As an illustration of a general technique for calculating odds, suppose you are playing a `25`-cent slot machine. Each of the three wheels has one chance in ten of coming up with a cherry. If all three wheels come up cherries, you win `$100`. Even though the results of any particular trial are random, you can make certain quantitative predictions. First, you can calculate that your odds of winning on any given trial are `1"/"10×1"/"10×1"/"10 =1"/"1000=0.001`. Here, I am representing the probabilities as numbers from `0` to `1`, which is clearer than statements like “The odds are `999` to `1`,” and makes the calculations easier. A probability of 0 represents something impossible, and a probability of `1` represents something that will definitely happen.
Also, you can say that any given trial is equally likely to result in a win, and it doesn't matter whether you have won or lost in prior games. Mathematically, we say that each trial is statistically independent, or that separate games are uncorrelated. Most gamblers are mistakenly convinced that, to the contrary, games of chance are correlated. If they have been playing a slot machine all day, they are convinced that it is “getting ready to pay,” and they do not want anyone else playing the machine and “using up” the jackpot that they “have coming.” In other words, they are claiming that a series of trials at the slot machine is negatively correlated, that losing now makes you more likely to win later. Craps players claim that you should go to a table where the person rolling the dice is “hot,” because she is likely to keep on rolling good numbers. Craps players, then, believe that rolls of the dice are positively correlated, that winning now makes you more likely to win later.
My method of calculating the probability of winning on the slot machine was an example of the following important rule for calculations based on independent probabilities:
If the probability of one event happening is `P_A`, and the probability of a second statistically independent event happening is `P_B`, then the probability that they will both occur is the product of the probabilities, `P_AP_B`. If there are more than two events involved, you simply keep on multiplying.
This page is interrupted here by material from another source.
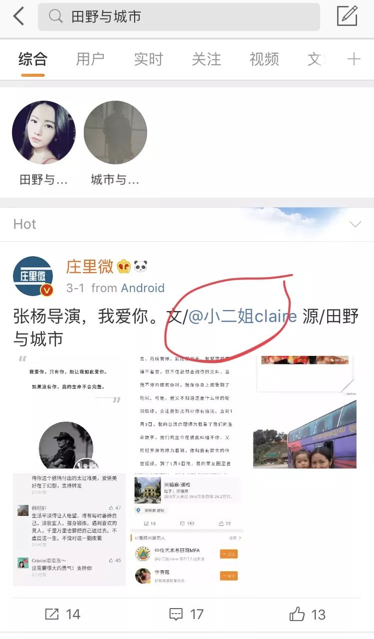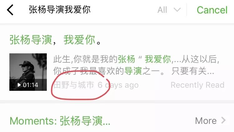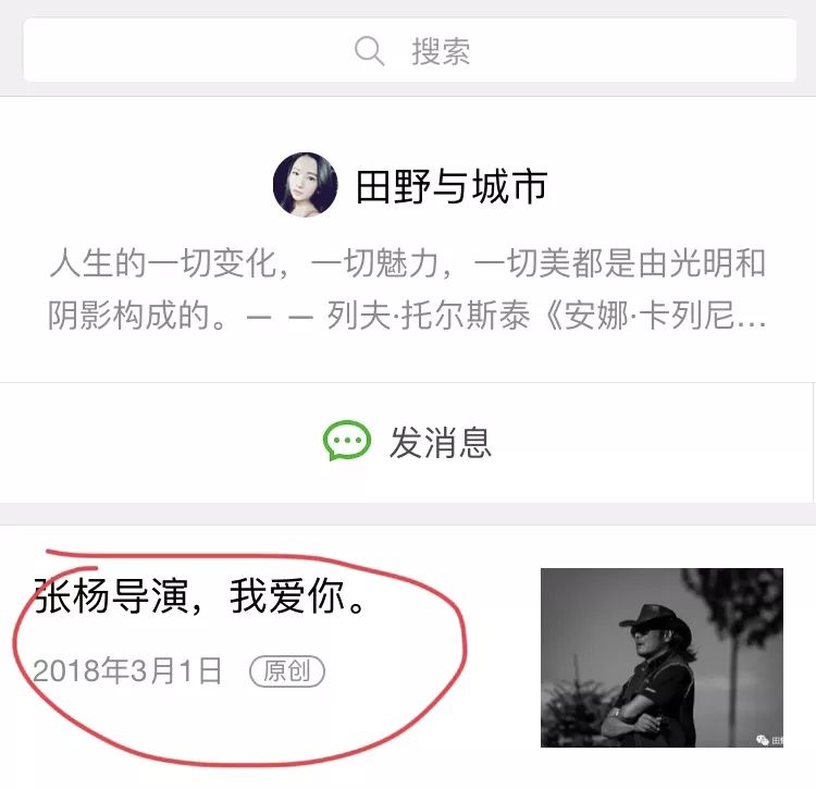 在朋友圈搜索“张杨导演,我爱你”,发现公众号是“城市与田野”。

This can be taken as the definition of statistical independence.
Note that this only applies to independent probabilities. For instance, if you have a nickel and a dime in your pocket, and you randomly pull one out, there is a probability of `0.5` that it will be the nickel. If you then replace the coin and again pull one out randomly, there is again a probability of `0.5` of coming up with the nickel, because the probabilities are independent. Thus, there is a probability of `0.25` that you will get the nickel both times.
Suppose instead that you do not replace the first coin before pulling out the second one. Then you are bound to pull out the other coin the second time, and there is no way you could pull the nickel out twice. In this situation, the two trials are not independent, because the result of the first trial has an effect on the second trial. The law of independent probabilities does not apply, and the probability of getting the nickel twice is zero, not `0.25`.
Experiments have shown that in the case of radioactive decay, the probability that any nucleus will decay during a given time interval is unaffected by what is happening to the other nuclei, and is also unrelated to how long it has gone without decaying. The first observation makes sense, because nuclei are isolated from each other at the centers of their respective atoms, and therefore have no physical way of influencing each other. The second fact is also reasonable, since all atoms are identical. Suppose we wanted to believe that certain atoms were “extra tough,” as demonstrated by their history of going an unusually long time without decaying. Those atoms would have to be different in some physical way, but nobody has ever succeeded in detecting differences among atoms. There is no way for an atom to be changed by the experiences it has in its lifetime.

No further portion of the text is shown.